This repository contains code to fine-tune the espnet XEUS model for Automatic Speech Recognition (ASR).

Work In Progress Work In Progress

Note: This repository is still in development. Please create an issue if you encounter any bugs.

Colab Support

Colab support is coming soon! Stay tuned for updates.

Prerequisites

Before running the code, ensure you have the following prerequisites installed:

  • CUDA 11.8
  • torch >= 2.0
  • torchaudio

Installation

  1. Clone the repository:
git clone [email protected]:pashanitw/xeus-finetune.git
cd xeus-finetune
  1. Install the required Python packages using pip:
pip install 'espnet @ git+https://github.com/wanchichen/espnet.git@ssl'
git lfs install
git clone https://huggingface.co/espnet/XEUS


pip install -r requirements.txt

Training Process Overview

Step 1: Authenticate with Hugging Face

you can log in to your Hugging Face account by opening a terminal and running the following command:

huggingface-cli login

Step 2: Configure Your Training

  • Configure Your Training: Prepare your training configuration by creating or updating a YAML file (config.yaml). This file should include your datasets' paths, training parameters, and any model-specific settings. Ensure the configuration aligns with your project needs and the datasets you plan to use.

Step 3: Initiate Training

To train the model, execute the following command:

accelerate launch train.py --config configs/hi_hf.yaml

Step 4: Inference

for the inference

python inference.py --ckpt_path <checkpoint path> --audio audio.wav

example

python inference.py --ckpt_path ./step_2000 --audio audio.wav

Step 5: Calculating the WER

run the following command to calculate word-error-rate metric

python wer.py --ckpt_path <checkpoint path> --dataset <dataset> --name <subset> --split <split>

example

 python wer.py --ckpt_path ./step_2000 --dataset google/fleurs --name hi_in --split test

Configuration Parameters

The configuration of the model training and evaluation is defined by the following parameters:

train_datasets and eval_datasets

Specifies the datasets used for training and evaluating the model, respectively. Each entry in these lists consists of the following fields:

  • dataset: The path to the dataset.
  • split: The dataset split to use, e.g., train, test.
  • input_fields: The fields to be used as input from the dataset. For training datasets, these are typically "audio" and "sentence".

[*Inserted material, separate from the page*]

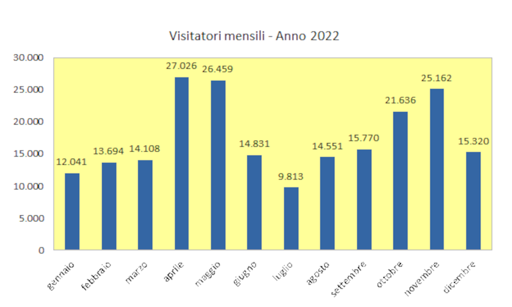 Il maggior numero di visitatori lo scorso anno c’è stato nei mesi primaverili di aprile (27.026) e maggio (26.459), seguiti dai mesi autunnali di novembre (25.162) e ottobre (21.636).

Example of train_datasets combining multiple datasets:

train_datasets:
  - dataset: "mozilla-foundation/common_voice_16_0"
    name: "ka"
    split: "train+validation"
    input_fields:
      - "audio"
      - "sentence"
  - dataset: "mozilla-foundation/common_voice_16_0"
    name: "ka"
    split: "test"
    input_fields:
      - "audio"
      - "sentence"

Example of eval_datasets:

eval_datasets:
  - dataset: "google/fleurs"
    name: "ta_in"
    split: "test"
    input_fields: ["audio", "transcription"]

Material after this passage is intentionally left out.